[Records excerpted from a collection]

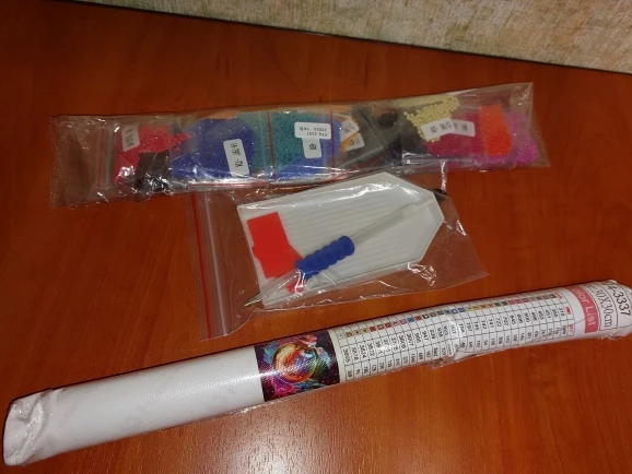 Доставка 3 недели.В наборе все как заявленно и пинцет и стилус с 2 насадками,галерта,большой лоток.Стразы квадратные в зип пакетах,что очень важно и приятно.Полотно намотано на валик ,но все равно немного примялось.Думаю это не критично .Уже предвкушаю одовольствие от выкладки этой картины
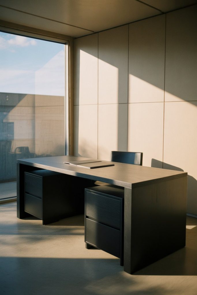 19. Sleek Black Desk for Dramatic Contrast
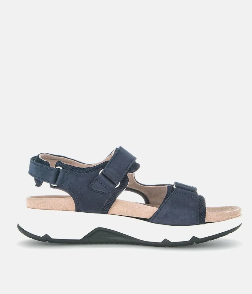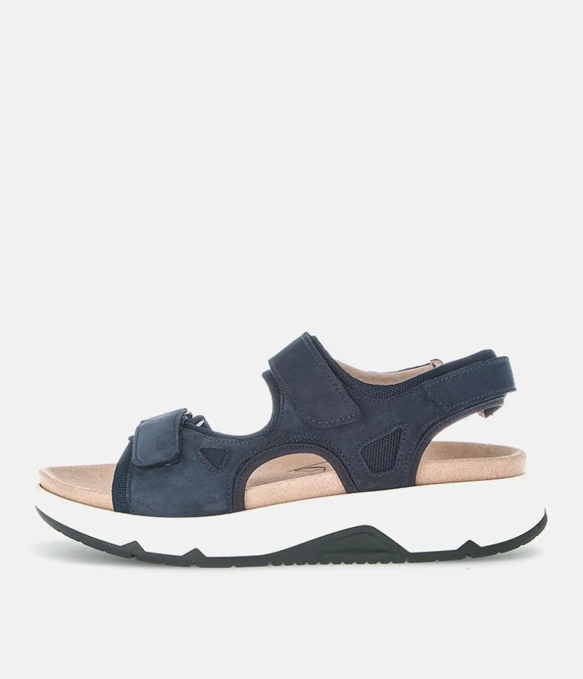 A Fabulous, sporty, comfort fit walking sandals incorporating both Gabor’s ‘Rolling Soft’ and ‘Opti Fit’ technologies,. Featuring three adjustable velcro closing straps with secure fit, padded insole, leather lining and 1.5 cm wedge sole. A gorgeous summer walking sandal that will be a treat for your feet.
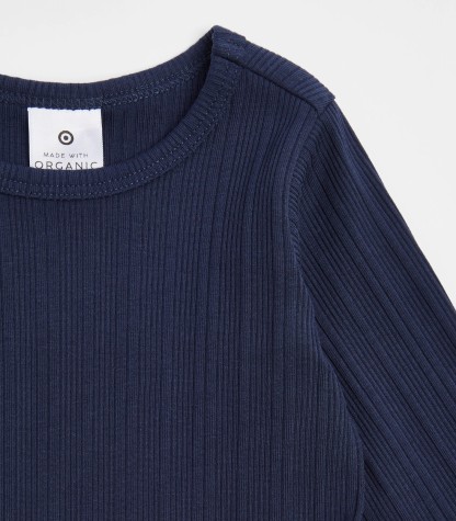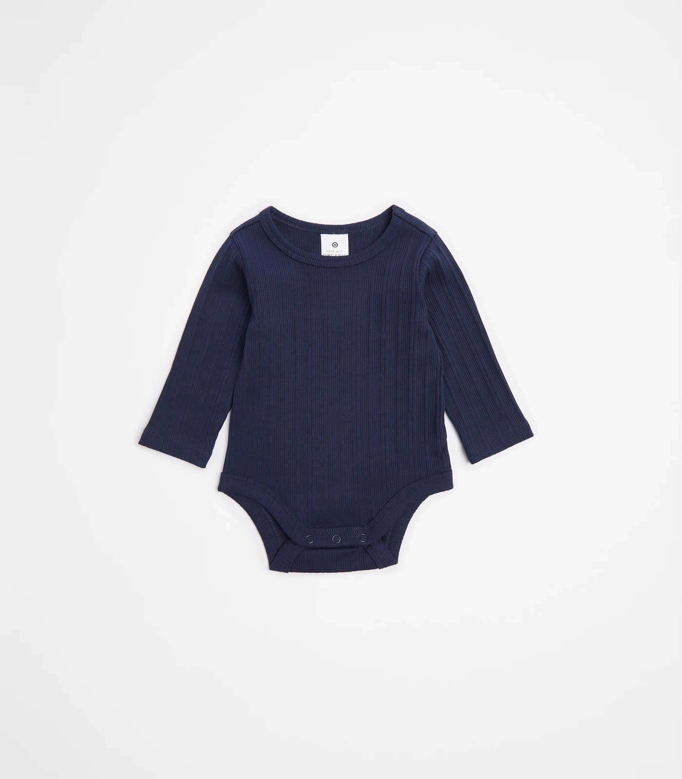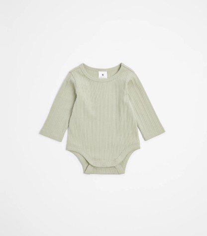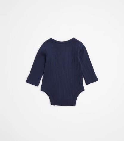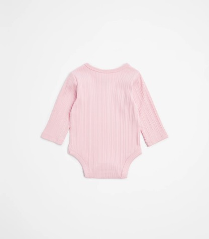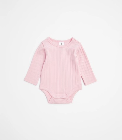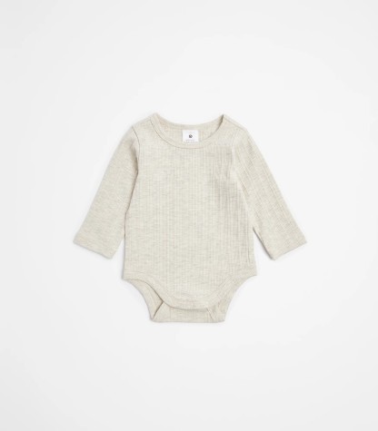Imagine your little one snuggled in organic cotton. Our Baby Organic Cotton Rib Bodysuit promises gentle comfort and a great fit with its excellent stretch. Designed with convenience in mind, it features a round neck, long sleeves, and handy press studs at the crotch for easy changes. The ribbed trim adds a touch of style. Grab one today!
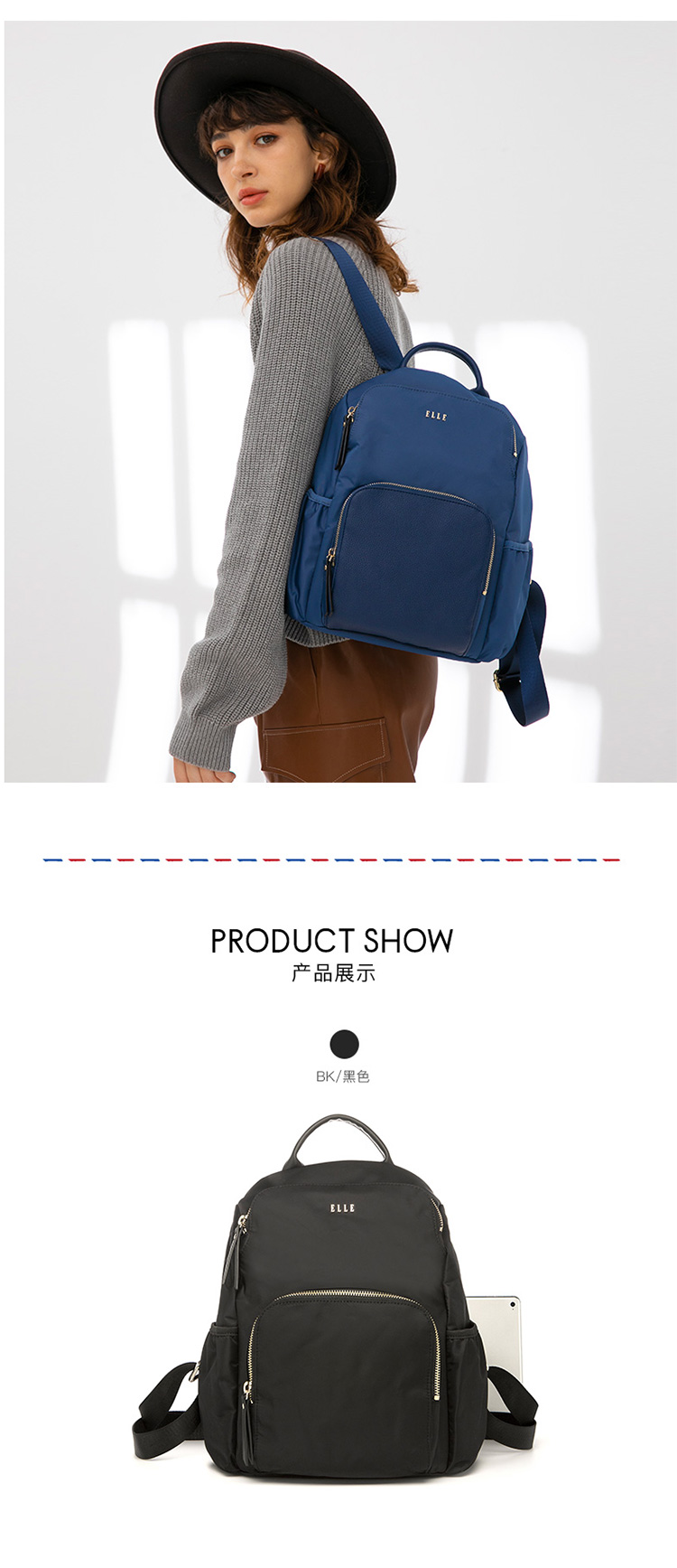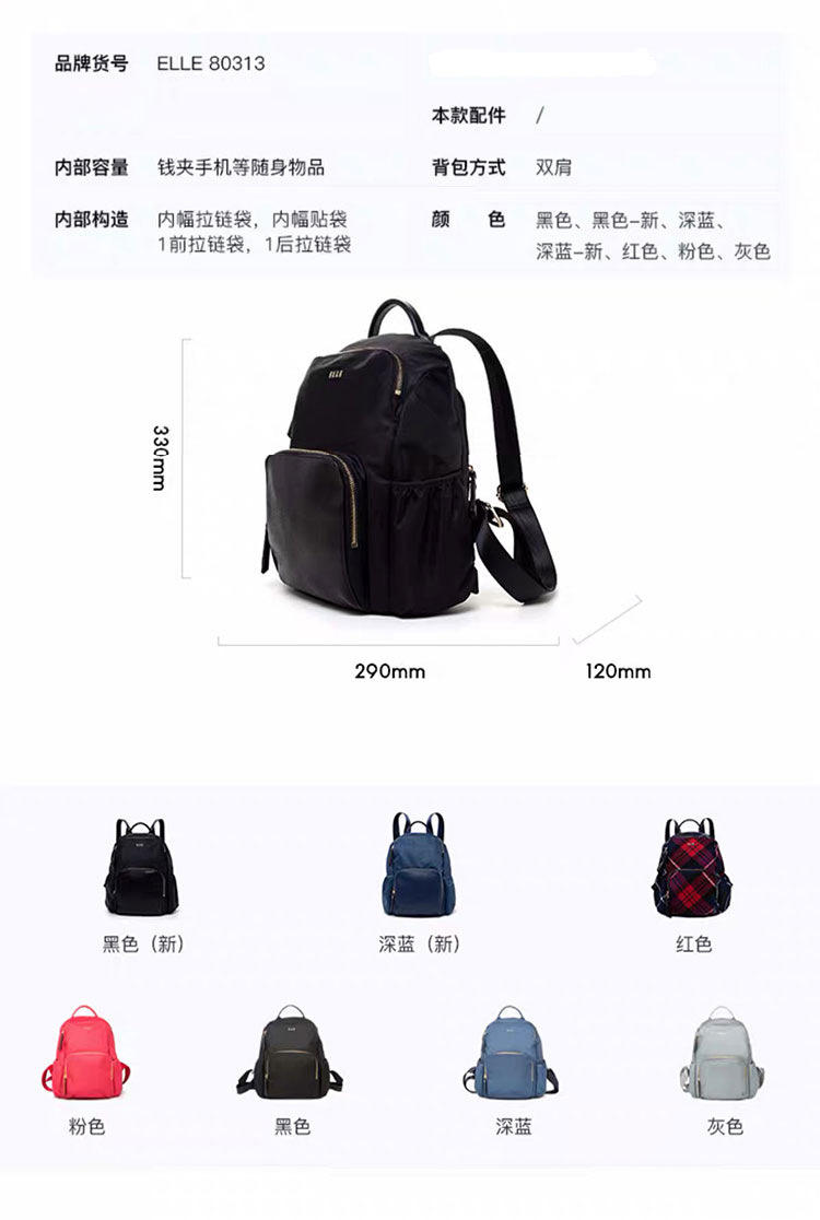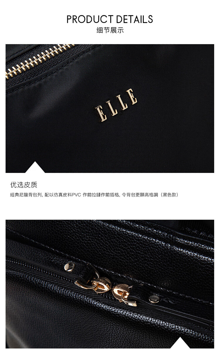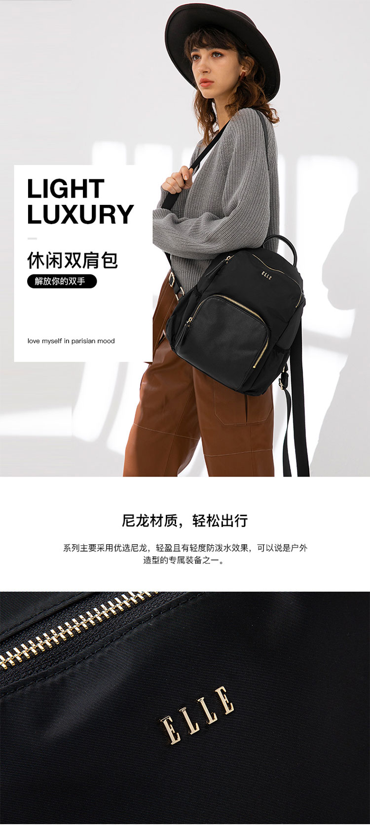 ELLE女包旅游大容量双肩运动书包初高中生中秋礼物80313黑
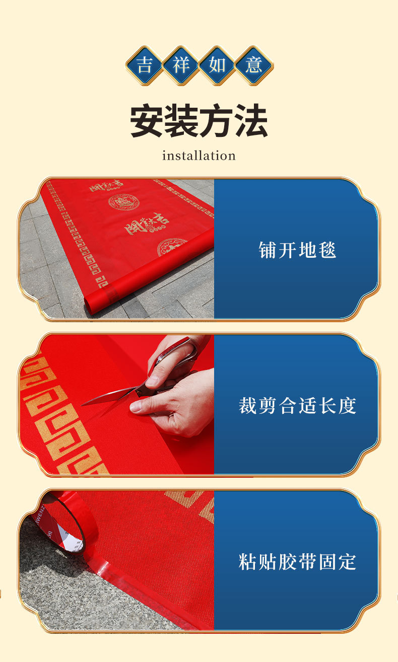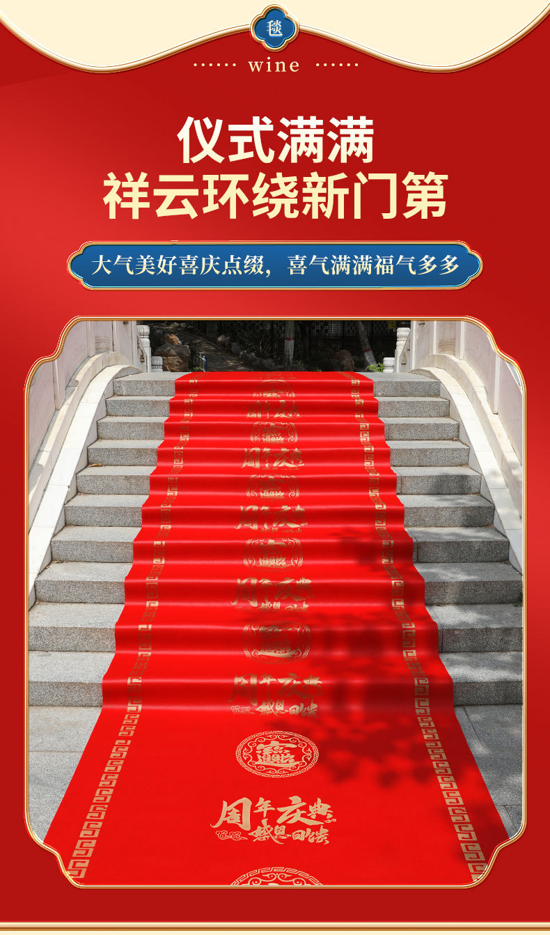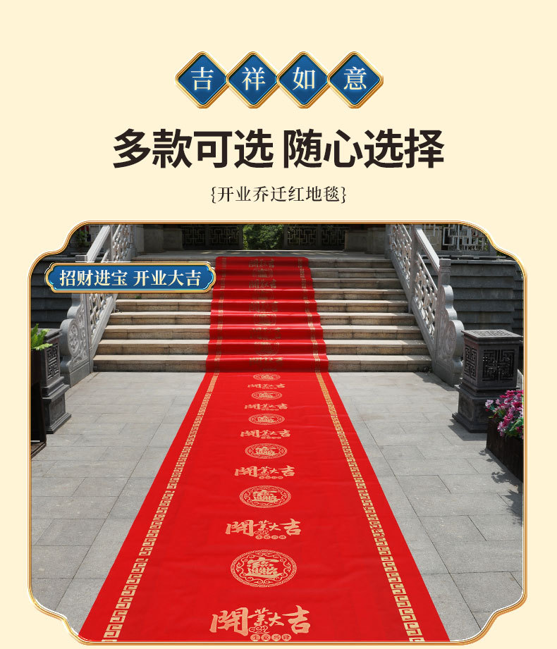 新款周年店庆典繁体字开业大吉乔迁之喜一次性无纺布纯红地毯布置
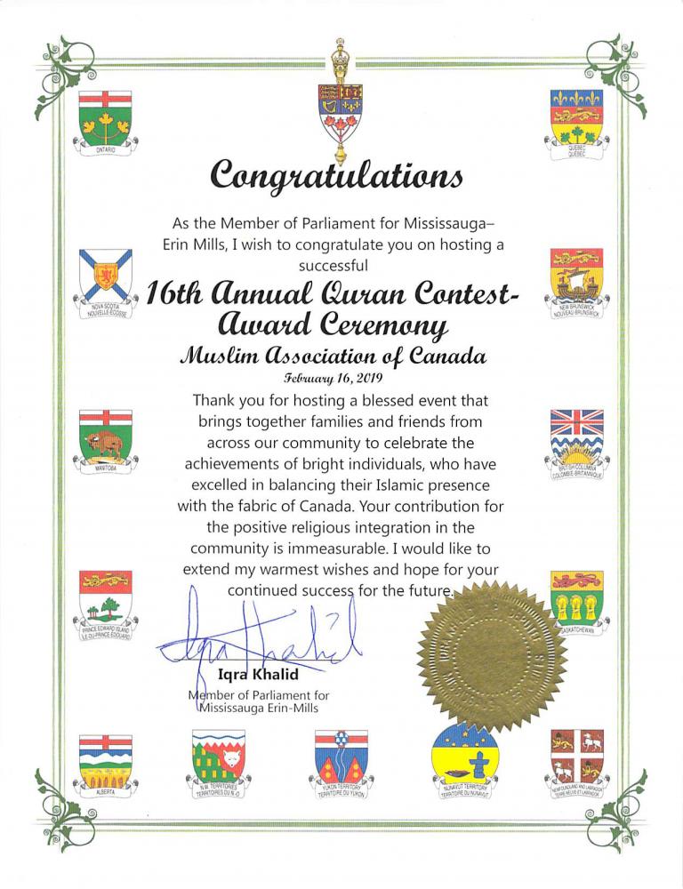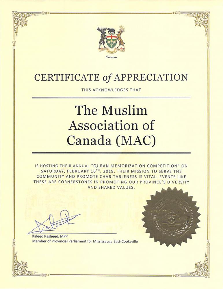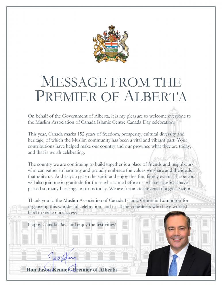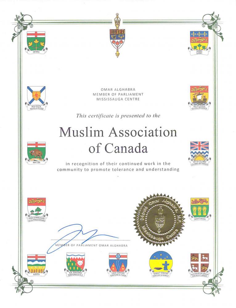 MAC's work is for the people and for healthy and vibrant communities that build our country strong and united. Below are letters from or civic leaders who express supportive sentiments around MAC's community work. The Premier of Alberta the Hon. Jason Kenney, our respected Members of Parliament Iqra Khaled and Omar Alghabra along with our esteemed Member of Provincial Parliament Khaleed Rasheed. The work we do at MAC ensure the needs of faith communities are met and our participation in neighbourhoods and cities brings about harmony, prosperity and unity between different members of our society.
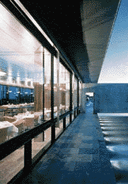 Obwohl prominent über dem Rebberg gelegen und eng mit dem historischen Komplex verflochten, ordnet sich der rechtwinklig zum Küchengebäude entlang der Nordsüdachse errichtete Restauranttrakt harmonisch ins Gesamtbild ein. Dieser als «verglaster Aussenraum unter einer schwebenden Dachplatte» konzipierte japanisch elegante Pavillon, der an milden Tagen fast ganz geöffnet werden kann, ist gleichsam die Neuinterpretation des australischen Verandahauses. Über eine Treppe erreicht man vom Rebberg her den Eingang. Ein Bassin, geteilt von einer Betonwand, bildet hier den neuen, an Mies van der Rohes Barcelona-Pavillon erinnernden Mittelpunkt der Gesamtanlage. Mit seiner Transparenz erzeugt das Restaurant einen reizvollen Kontrast zu den alten Bruchsteinbauten; und der mit eleganten Designermöbeln eingerichtete Speisesaal gewährt einen Panoramablick auf Stadt und Meer. Zwölf verchromte Stahlträger, auf denen das Metalldach ruht, und ein hölzerner, den Abgang zum Weinkeller markierender Buffeteinbau setzen hier die einzigen Akzente in einer Architektur, die ihre Qualität aus der Reduktion zu schöpfen weiss.

> _EXERCISE_
Word-for-word repeat, images excluded: return all the data.

> _OUTPUT FOR THIS TASK_
 Доставка 3 недели.В наборе все как заявленно и пинцет и стилус с 2 насадками,галерта,большой лоток.Стразы квадратные в зип пакетах,что очень важно и приятно.Полотно намотано на валик ,но все равно немного примялось.Думаю это не критично .Уже предвкушаю одовольствие от выкладки этой картины
 19. Sleek Black Desk for Dramatic Contrast
 A Fabulous, sporty, comfort fit walking sandals incorporating both Gabor’s ‘Rolling Soft’ and ‘Opti Fit’ technologies,. Featuring three adjustable velcro closing straps with secure fit, padded insole, leather lining and 1.5 cm wedge sole. A gorgeous summer walking sandal that will be a treat for your feet.
Imagine your little one snuggled in organic cotton. Our Baby Organic Cotton Rib Bodysuit promises gentle comfort and a great fit with its excellent stretch. Designed with convenience in mind, it features a round neck, long sleeves, and handy press studs at the crotch for easy changes. The ribbed trim adds a touch of style. Grab one today!
 ELLE女包旅游大容量双肩运动书包初高中生中秋礼物80313黑
 新款周年店庆典繁体字开业大吉乔迁之喜一次性无纺布纯红地毯布置
 MAC's work is for the people and for healthy and vibrant communities that build our country strong and united. Below are letters from or civic leaders who express supportive sentiments around MAC's community work. The Premier of Alberta the Hon. Jason Kenney, our respected Members of Parliament Iqra Khaled and Omar Alghabra along with our esteemed Member of Provincial Parliament Khaleed Rasheed. The work we do at MAC ensure the needs of faith communities are met and our participation in neighbourhoods and cities brings about harmony, prosperity and unity between different members of our society.
 Obwohl prominent über dem Rebberg gelegen und eng mit dem historischen Komplex verflochten, ordnet sich der rechtwinklig zum Küchengebäude entlang der Nordsüdachse errichtete Restauranttrakt harmonisch ins Gesamtbild ein. Dieser als «verglaster Aussenraum unter einer schwebenden Dachplatte» konzipierte japanisch elegante Pavillon, der an milden Tagen fast ganz geöffnet werden kann, ist gleichsam die Neuinterpretation des australischen Verandahauses. Über eine Treppe erreicht man vom Rebberg her den Eingang. Ein Bassin, geteilt von einer Betonwand, bildet hier den neuen, an Mies van der Rohes Barcelona-Pavillon erinnernden Mittelpunkt der Gesamtanlage. Mit seiner Transparenz erzeugt das Restaurant einen reizvollen Kontrast zu den alten Bruchsteinbauten; und der mit eleganten Designermöbeln eingerichtete Speisesaal gewährt einen Panoramablick auf Stadt und Meer. Zwölf verchromte Stahlträger, auf denen das Metalldach ruht, und ein hölzerner, den Abgang zum Weinkeller markierender Buffeteinbau setzen hier die einzigen Akzente in einer Architektur, die ihre Qualität aus der Reduktion zu schöpfen weiss.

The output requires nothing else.